Give the data again exactly as written, skipping any pictures.

━━ PROVIDED DATA ━━

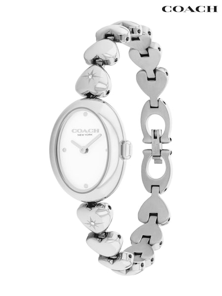 COACH Silver Tone Sammy Stainless Steel Heart Bracelet Watch
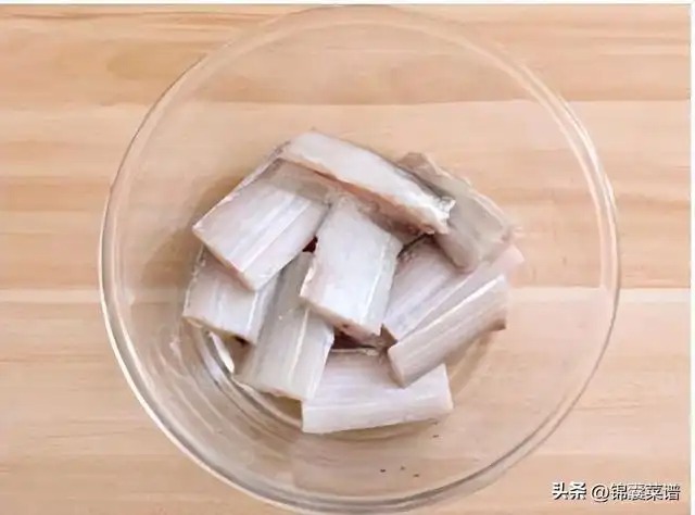 1.姜洗净切丝;带鱼清理干净,去掉头和尾,切长 5 厘米的段,调入盐和料酒腌渍 20 分钟。
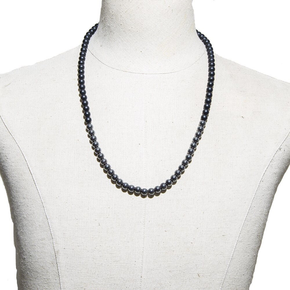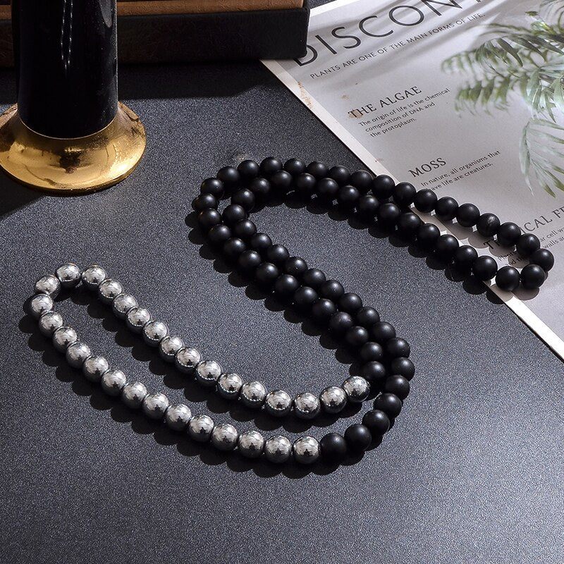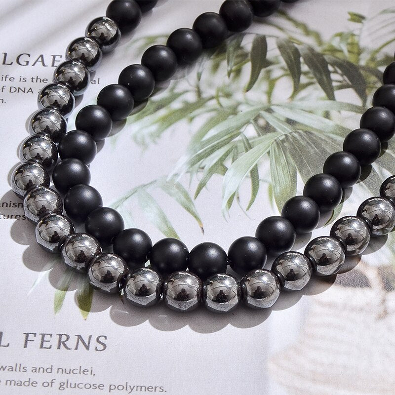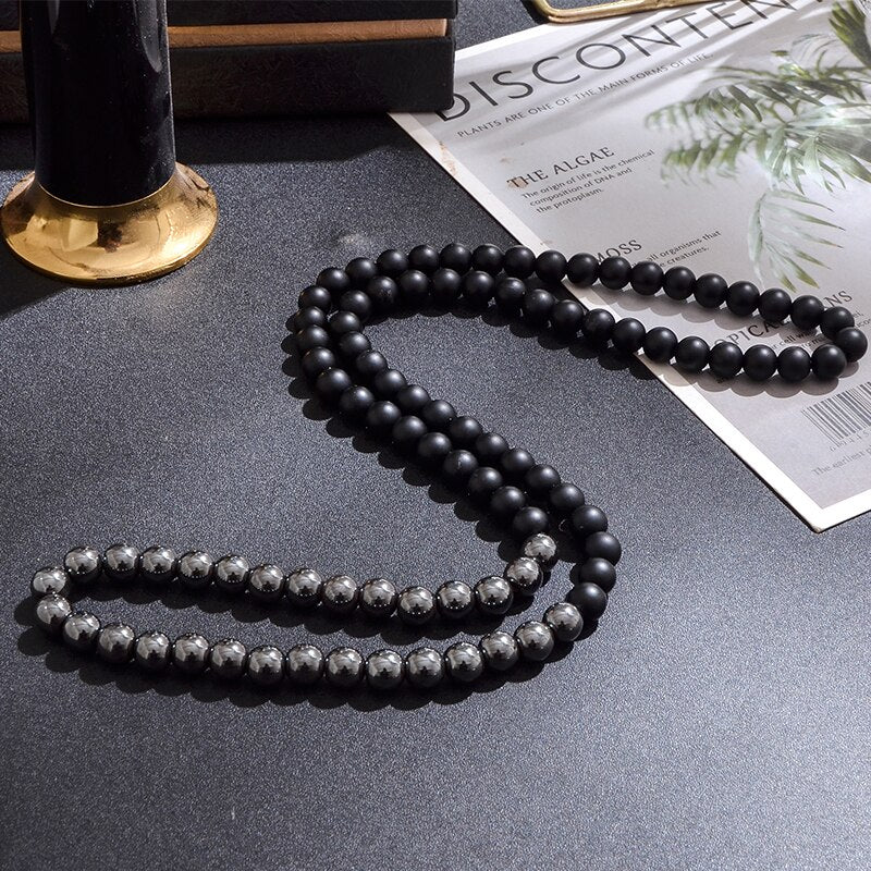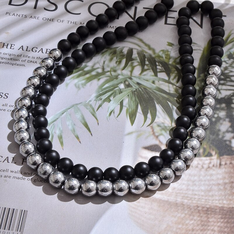 Natural Black Onyx & Hematite Beaded Necklace
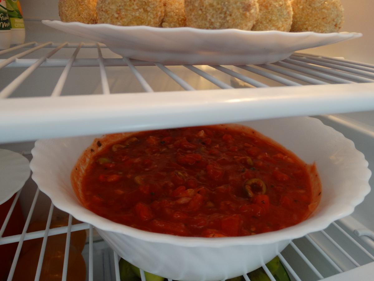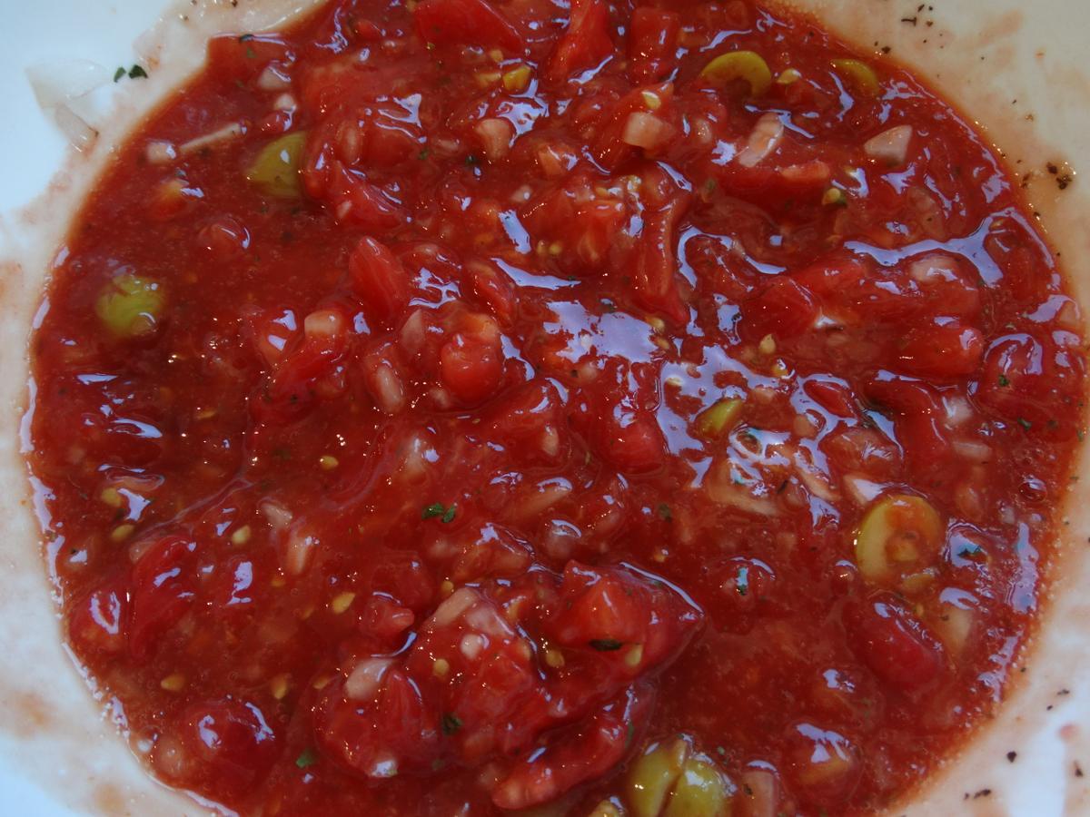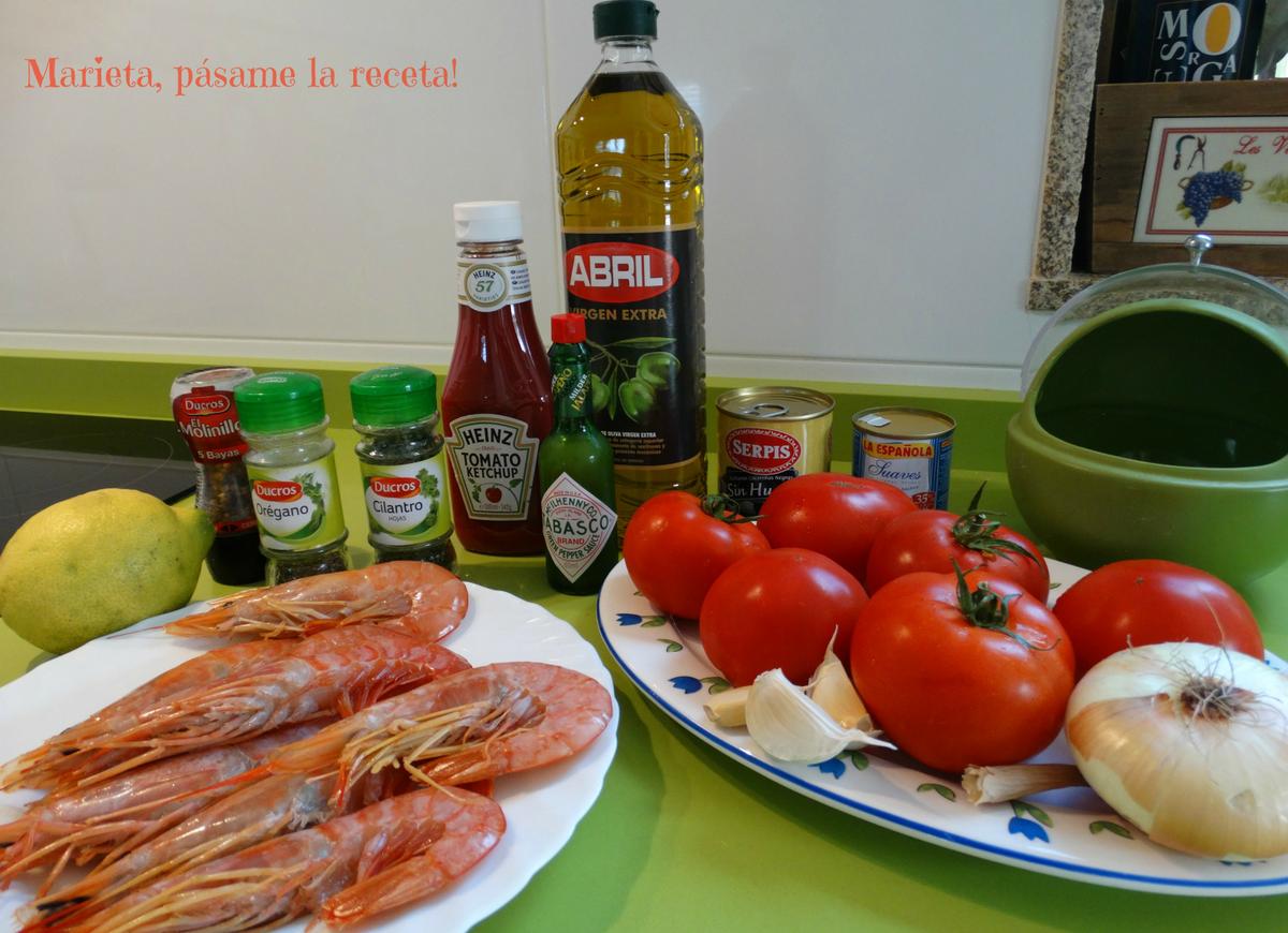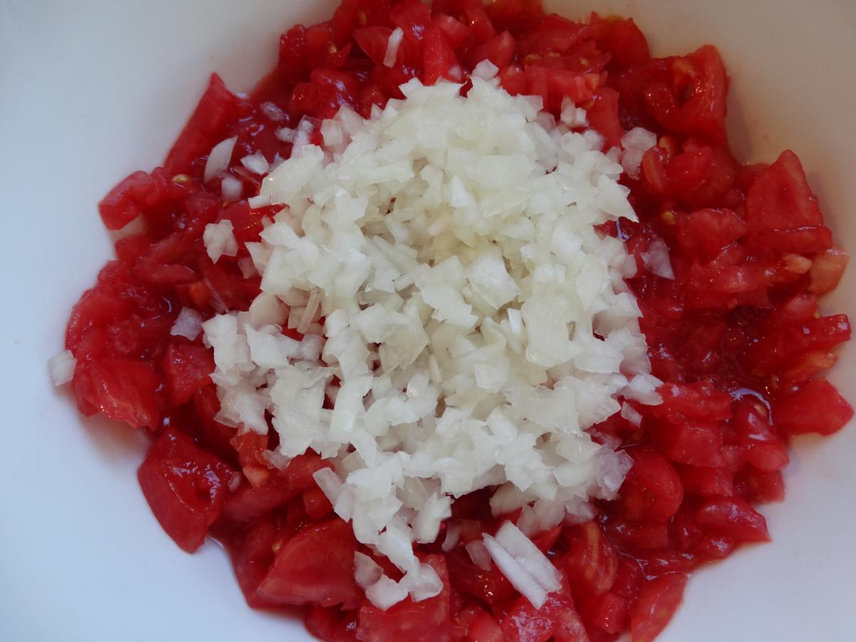 Picamos muy bien la cebolla y la incorporamos al tomate. Agregamos el cilantro, el orégano, el tabasco, el kétchup y las aceitunas verdes picaditas. Salpimentamos.

━━━

#### WRITTEN REPLY
 COACH Silver Tone Sammy Stainless Steel Heart Bracelet Watch
 1.姜洗净切丝;带鱼清理干净,去掉头和尾,切长 5 厘米的段,调入盐和料酒腌渍 20 分钟。
 Natural Black Onyx & Hematite Beaded Necklace
 Picamos muy bien la cebolla y la incorporamos al tomate. Agregamos el cilantro, el orégano, el tabasco, el kétchup y las aceitunas verdes picaditas. Salpimentamos.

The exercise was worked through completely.